The Italian Earthquake

Italy is known for severe earthquakes from time to time, and as Paul noted yesterday, Italy’s voters just delivered an 8.0 magnitude political earthquake. As the dust settles, it is clear this was no mere minor swing in the vote.  Henry Olsen (our podcast guest last week discussing populism in Europe) notes today:

Italy had every reason to change course. Its economy has been stagnant for years. Neither centre-right nor centre-left seemed to have real answers, and the two leaders of those parties – Silvio Berlusconi and Matteo Renzi – had both been rejected by Italian voters in some fashion in the past. Italians were in the mood for a change, and the traditional parties presented figures from the not-so-happy past. That’s not a recipe for success.

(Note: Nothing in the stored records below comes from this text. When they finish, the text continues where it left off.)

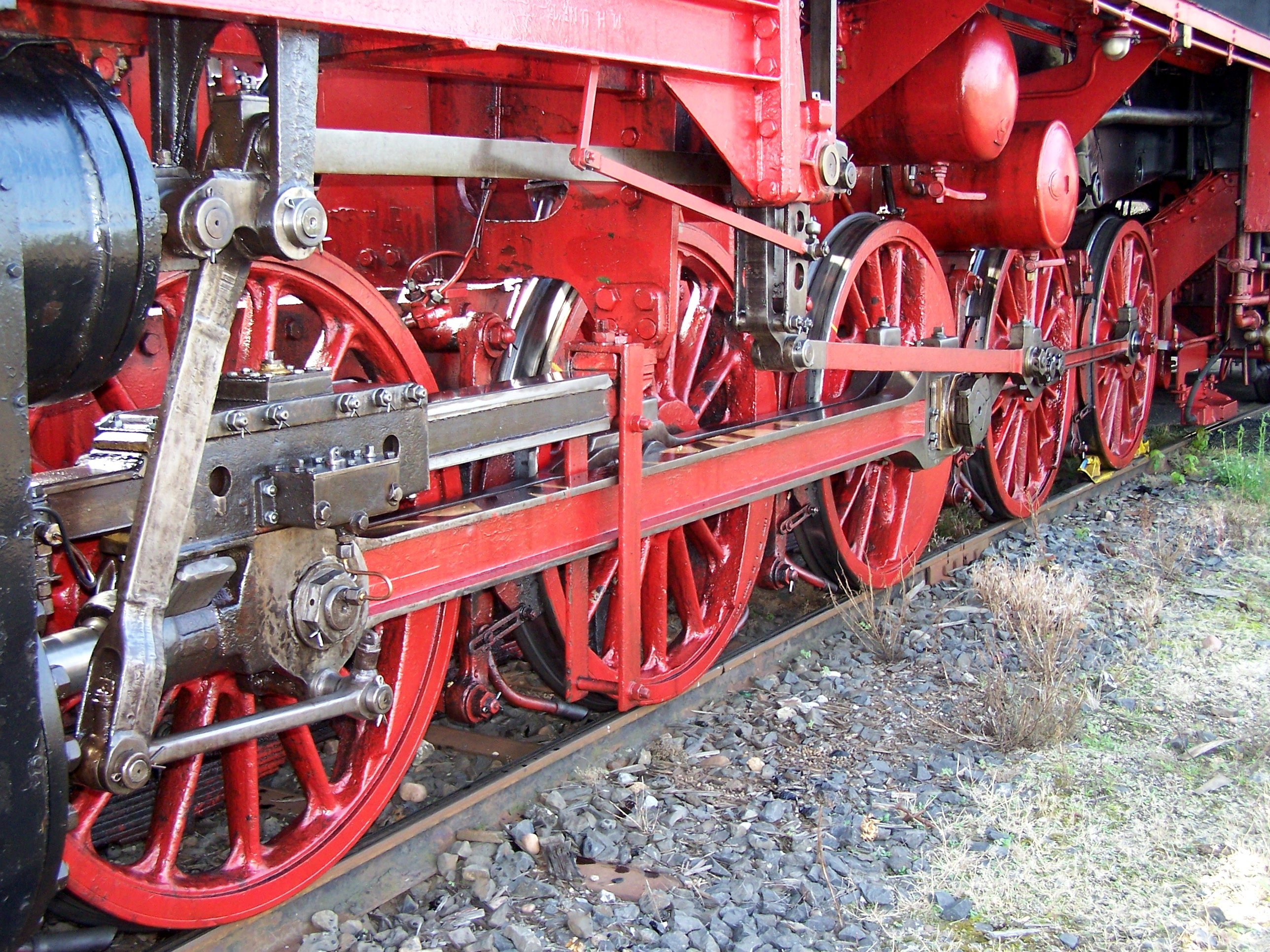 driving axes of steam locomotive 52 4867 of the Historische Eisenbahn Frankfurt in Frankfurt am Main on the Hafenbahn ground.
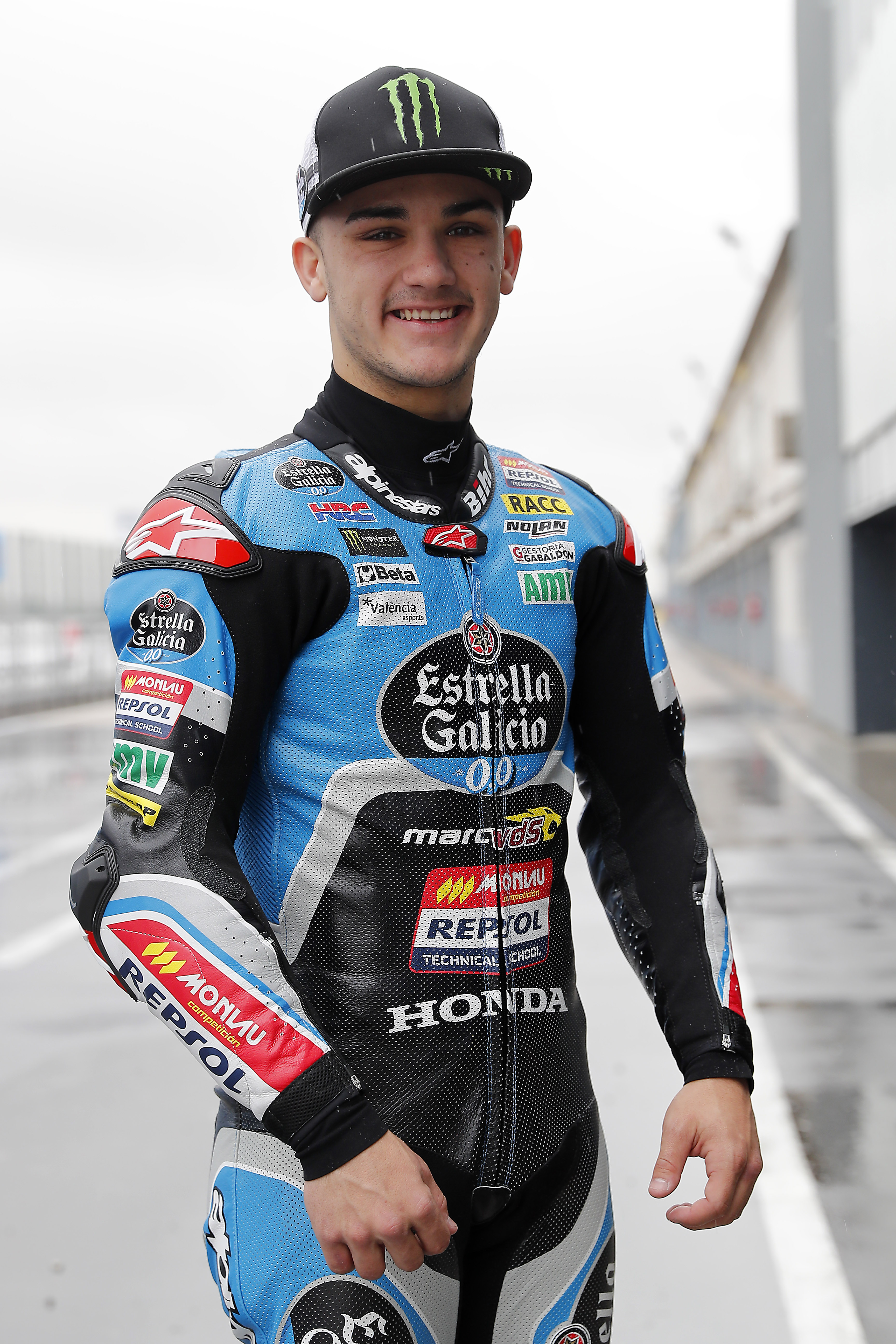 Arón Canet at presentation of Moto3 team in 2018
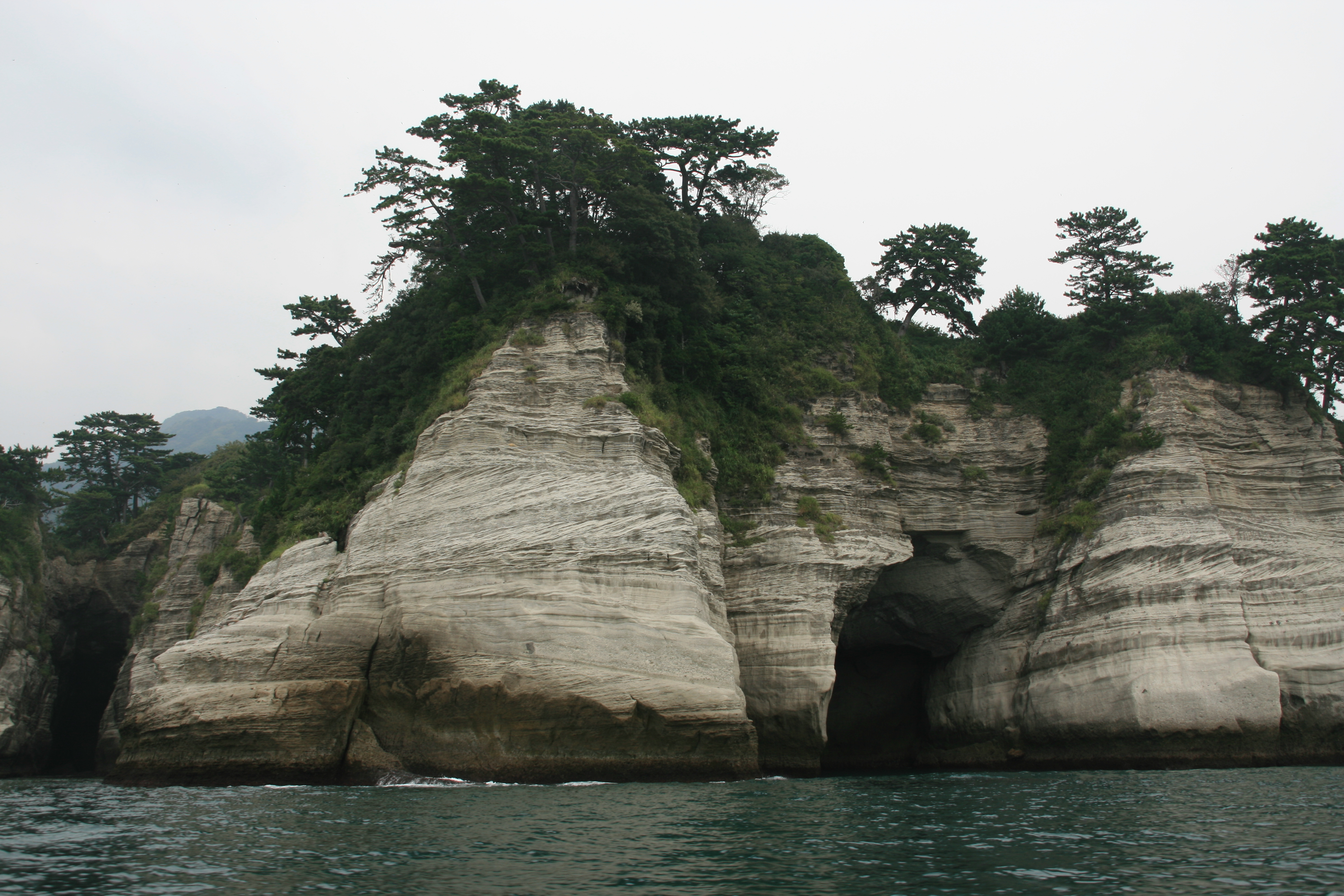 Entrance of Tensodo sea cave (right)
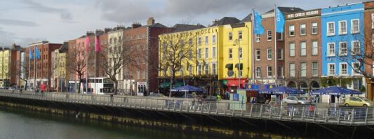 dublin north quay - eigen foto
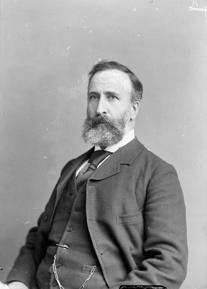 Hon. James Colebrooke Patterson, M.P. (Huron West) (Minister of Militia &n Defence) 1839 - Feb. 17, 1929
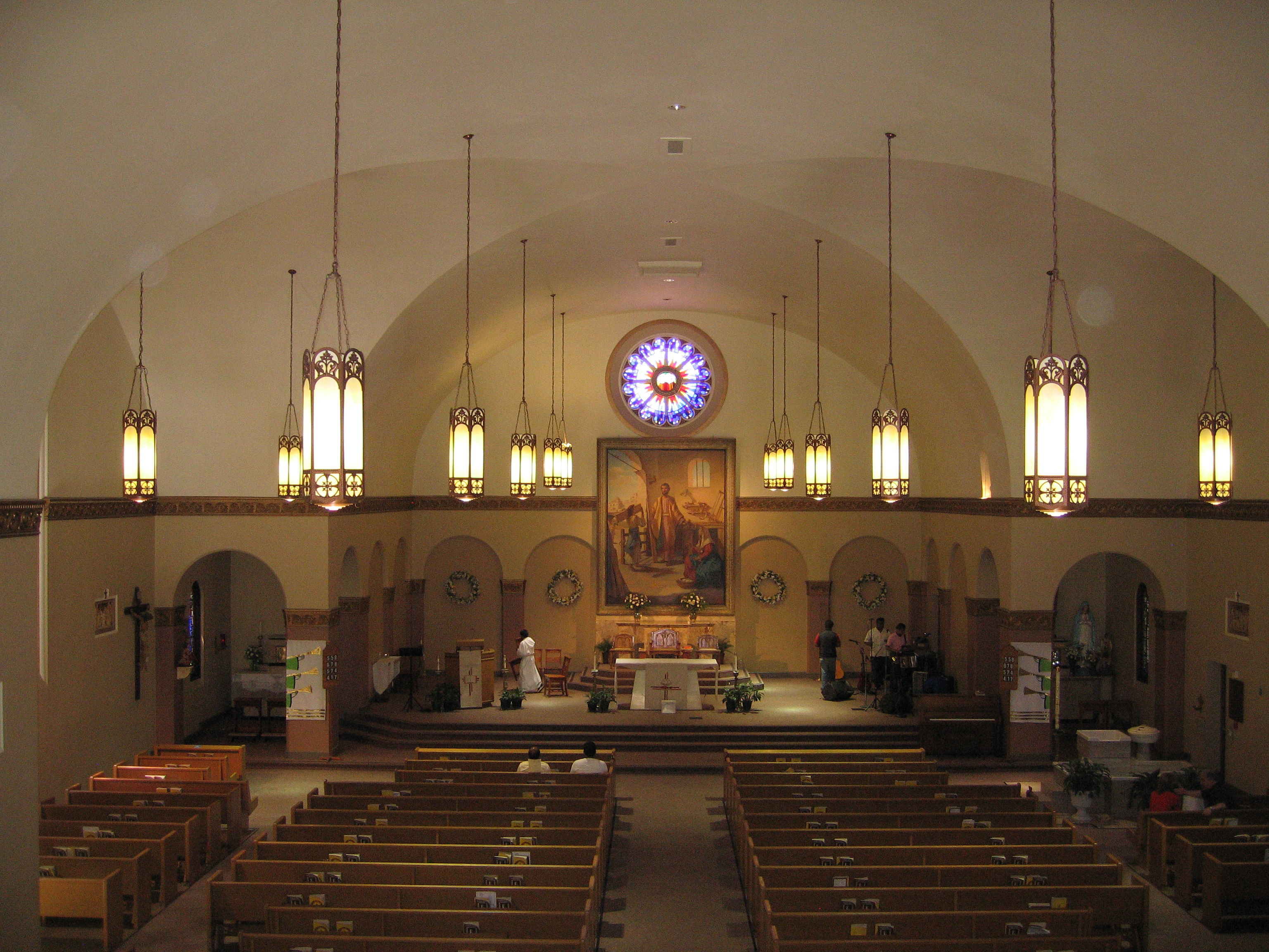 Altar of St. Joseph Parish Church, Mountain View, CA

The downfall of the centre-right and centre-left has been swift. In the 2008 election, those parties received over 70% of the vote. Along with centrist and Christian Democratic parties, the Italian establishment got over 80%. The total for those parties dropped to 57% in 2013, and plummeted to only 36.5% on Sunday.

Most striking to me is this map of the vote distribution geographically, with the richer north voting for one center-right party (as they have always tended to do), and the poorer south, previously a bastion for center-left parties, voting for the new populist Five-Star party. Looks a lot like Trump’s map in the U.S., no? As in the U.S., the left-leaning vote is increasingly concentrated in a few urban areas. This comes after Italy had precipitously increased the number of migrants it admitted over the last five years. Gee, I wonder if there was any connection?

Angelo Codevilla notes over at American Greatness that Trump was in a sense on the ballot in Italy:

In Italy as elsewhere, the Trump effect is more about attitudes than government programs.  . .  The entire world has been infected by what Renzi calls a “populist virus,” which first manifested itself in the British people’s decision to leave the European Union and whose virulence elected Donald Trump. That same “virus” now has spread to Italy. There was nothing that Renzi or anyone else could have done to stop it. Of course, one could just as easily argue that the populism Renzi and his comrades despise isn’t a disease so much as a much-needed cure.

The truth, however, has nothing to do with any “ism” or with Trump: when voters are ruled by officials and associated corporate types who despise them, sooner or later they will find ways of returning the favor.